Luke and Riven had just settled into their beds when her eyes snapped open.

Someone was in the apartment.

Luke didn't notice anything. He was still baseline human—just starting to get competent with a handgun, hitting the gym regularly, but nowhere near developing combat instincts. Even if his physical conditioning improved, without proper training, he'd never sense an intruder the way Riven could.

Several shadows slipped through the door.

"You sure this is where you saw her?" A low voice. Male. Careful.

"Yeah, boss. The woman's gorgeous. If we grab her..."

Another voice. Eager. The kind of eager that made Luke's skin crawl when he heard it later.

The words barely left the man's mouth before Riven materialized beside them. The leader had just clicked on his flashlight when a white-haired blur entered his peripheral vision—and then his knee exploded inward with a wet crunch.

Strange thing: he didn't scream. Just crumpled to the floor like his strings had been cut.

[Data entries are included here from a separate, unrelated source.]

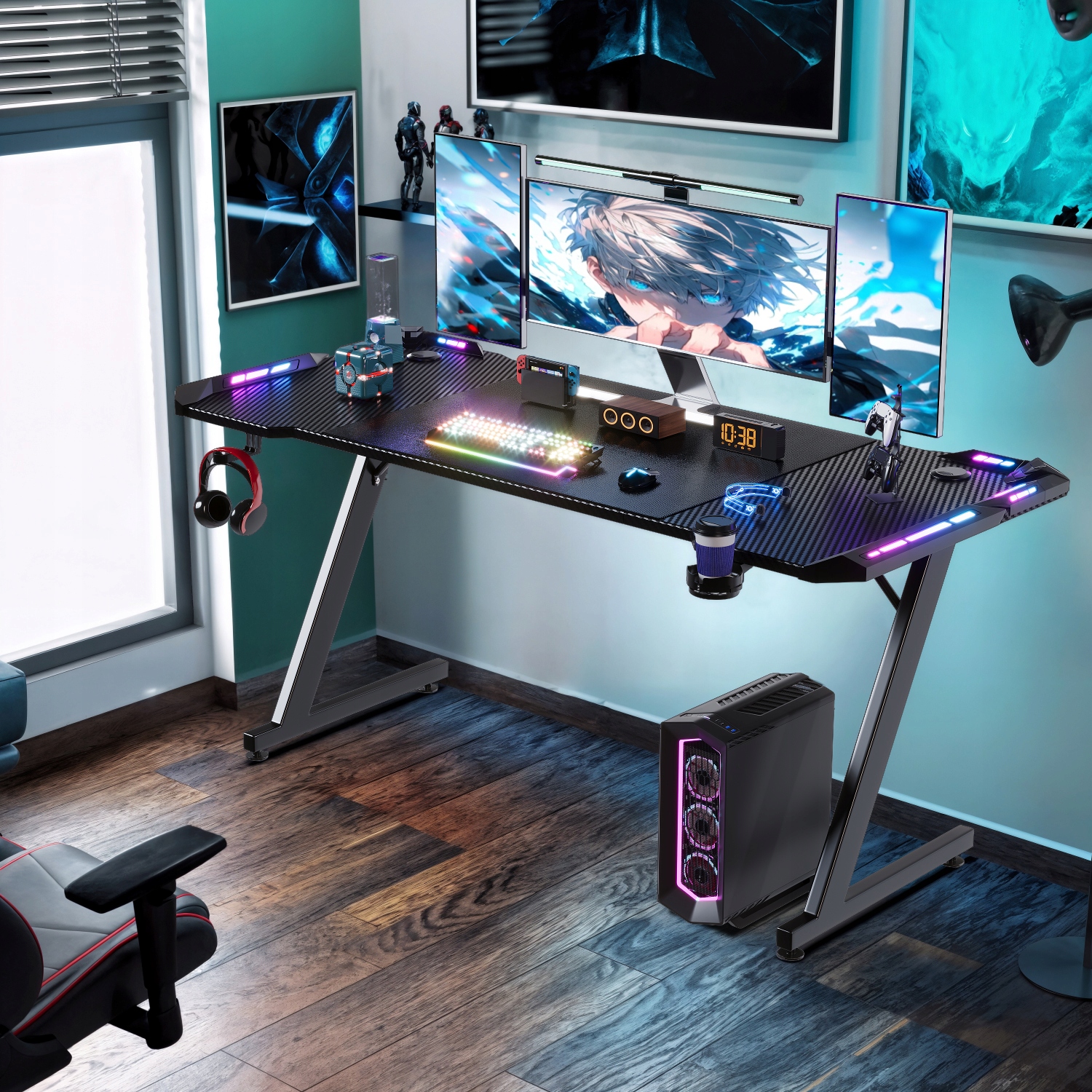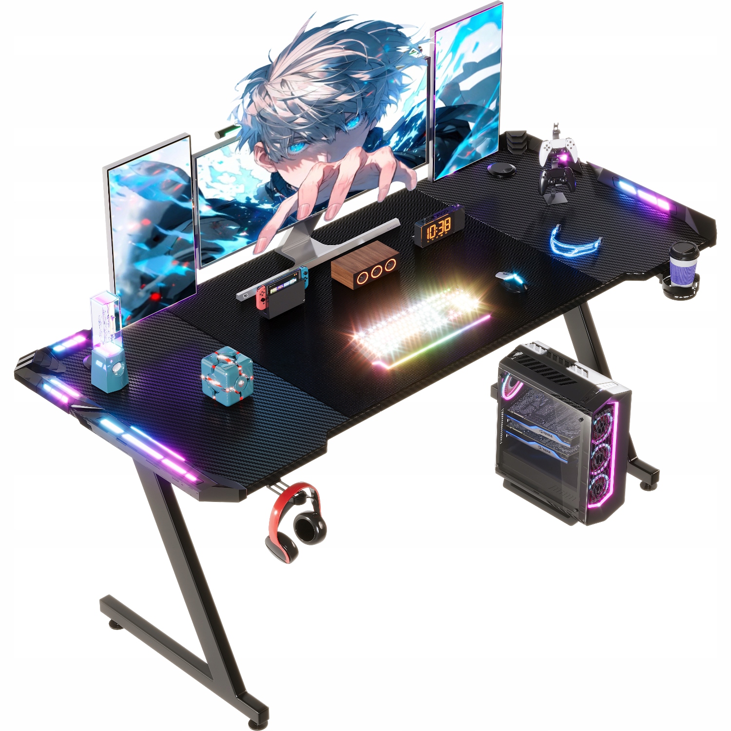 Игровой компьютерный стол со светодиодной подсветкой 140 x 60 см С подстаканником и крючком
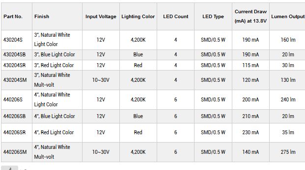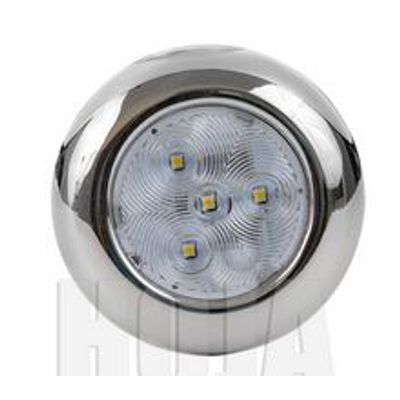 Highly polished 304 stainless steel housing, surface mount with mounting screws hidden; ideal for interior use in boat, RV and caravan, truck/trailer etc. as ceiling light, courtesy light and other applications. Clear PC lens, engineered lens optics distributes a uniform and cozy light beam illuminating from LEDs, beam angle=120°. SMD LEDs of 0.5W superior grade, long life span up to 50,000 hours. Lighting color available in Natural White(CCT=4,000~4,500K), Blue or Red; also available in dual color by special order. Circuit board conformal coated to resist moisture and corrosion. Rated for 12V, tested to 13.8V. Also available in multi-voltage 10~30V operating range, or 24V version by special order.
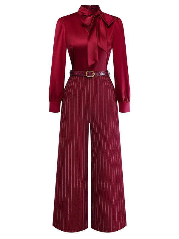 [Prévente] Combinaison en satin et rayée bordeaux col à nœud des année – Retro Stage-France
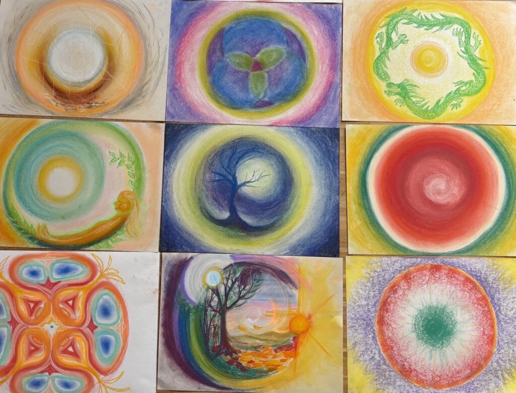 Zuerst bei einer Yogaeinheit mit Dieter zur Ruhe kommen und anschließend unter Anleitung von Elisabeth das eigene Mandala finden und mit Pastellkreide gestalten. Wir wollen in diesem Workshop unser eigenes individuelles Mandala intuitiv aus uns schöpfen und die Bedeutung für uns selbst als Spiegel unserer Persönlichkeit herausfinden. Die Methode geht auf den Arzt und Psychoanalytiker C.G. Jung zurück und wurde von der amerikanischen Kunsttherapeutin Susanne Fincher weiterentwickelt.
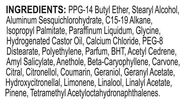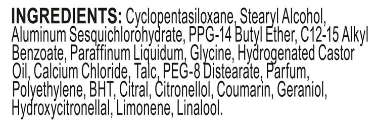 CYCLOPENTASILOXANE, STEARYL ALCOHOL, ALUMINUM SESQUICHLOROHYDRATE, PPG-14 BUTYL ETHER, C12-15 ALKYL BENZOATE, PARAFFINUM LIQUIDUM, GLYCINE, HYDROGENATED CASTOR OIL, CALCIUM CHLORIDE, TALC, PEG-8 DISTEARATE, PARFUM, POLYETHYLENE, BHT, CITRAL, CITRONELLOL, COUMARIN, GERANIOL, HYDROXYCITRONELLAL, LIMONENE, LINALOOL.
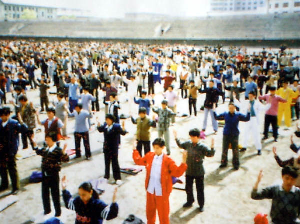 1998年6月29日,甘肃、青海、宁夏三省大法弟子在兰州开三省法会时的集体炼功
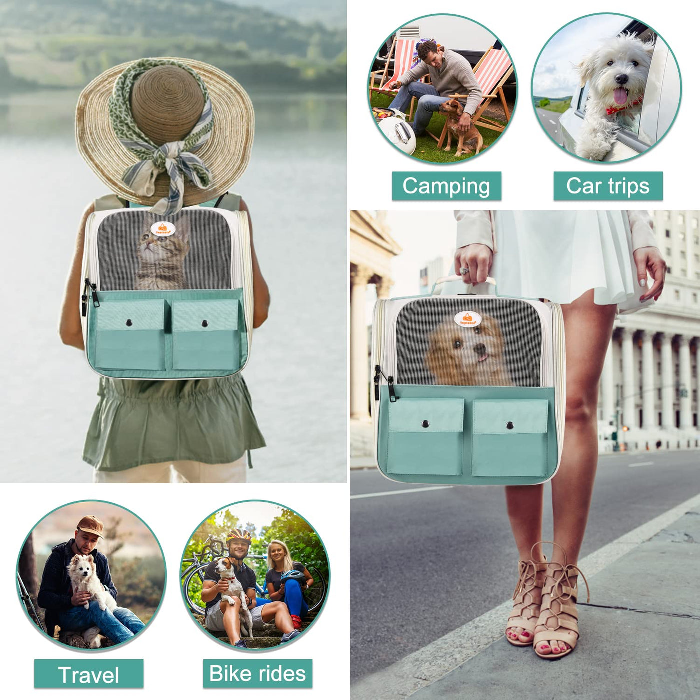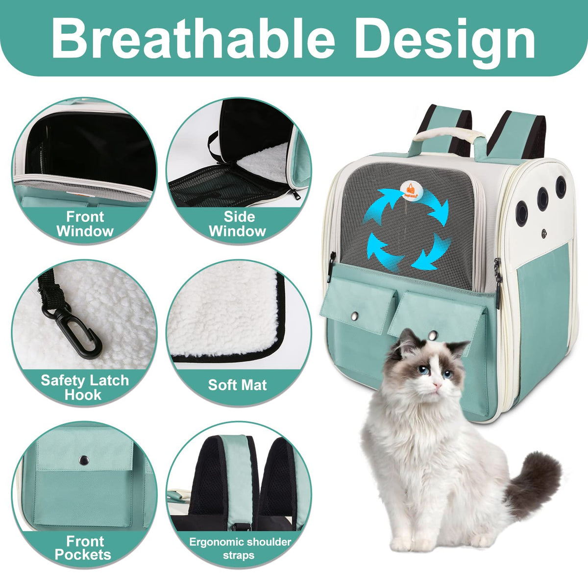 Top Tasta Cat Backpack Carrier, Airline Approved, Ventilated Design, Breathable Mesh For Small Cats And Dogs For Hiking And Camping, Carry Up To 25 Pounds (Light Blue)
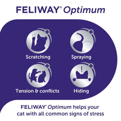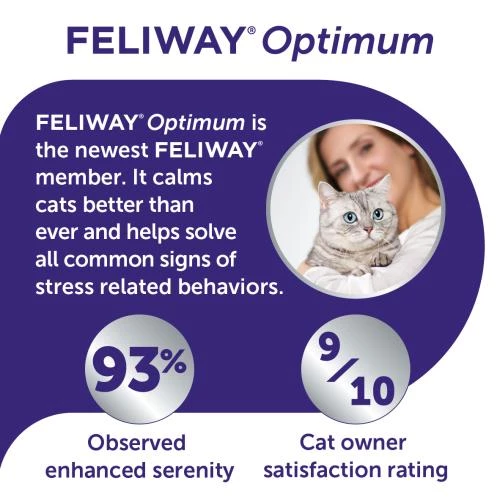 Feliway Optimum Cat Calming Diffuser Starter Pack is the latest edition to the Feliway range and now calms cats better than ever before and in more situations for enhanced serenity. It contains a new feline pheromone complex that conveys even more impactful messages to your cat which helps them cope with our modern lifestyles. Feliway Optimum contains the most advanced Feline Pheromones Complex, developed by the Feliway research team.
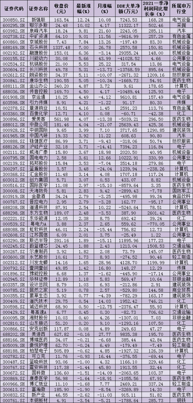 另外,從資金流向上看,上述71只個股合計資金凈流入達(dá)4.13億元。其中,40只個股呈現(xiàn)資金凈流入態(tài)勢,融捷股份、中微公司、斯達(dá)半導(dǎo)、鄂爾多斯、國電電力等個股資金凈流入均超億元,分別為2.94億元、2.56億元、1.19億元、1.13億元和1.02億元。

The others reacted faster than Riven expected. She'd pegged them as street-level trash based on their clothes and conversation, but their response time said otherwise. Combat-trained. Maybe military. Definitely not amateurs.

Interesting.

One of them threw a punch—heavy, committed, the kind that could crack ribs on a normal person. Riven caught it in her palm like he'd lobbed her a softball. Before he could process the impossibility of that, her leg whipped up in a perfect arc, heel connecting with the underside of his jaw.

Crack.

His neck snapped clean. He dropped.

"Fuck!"

The others saw their friend die and charged anyway. No hesitation. No fear. Just aggression.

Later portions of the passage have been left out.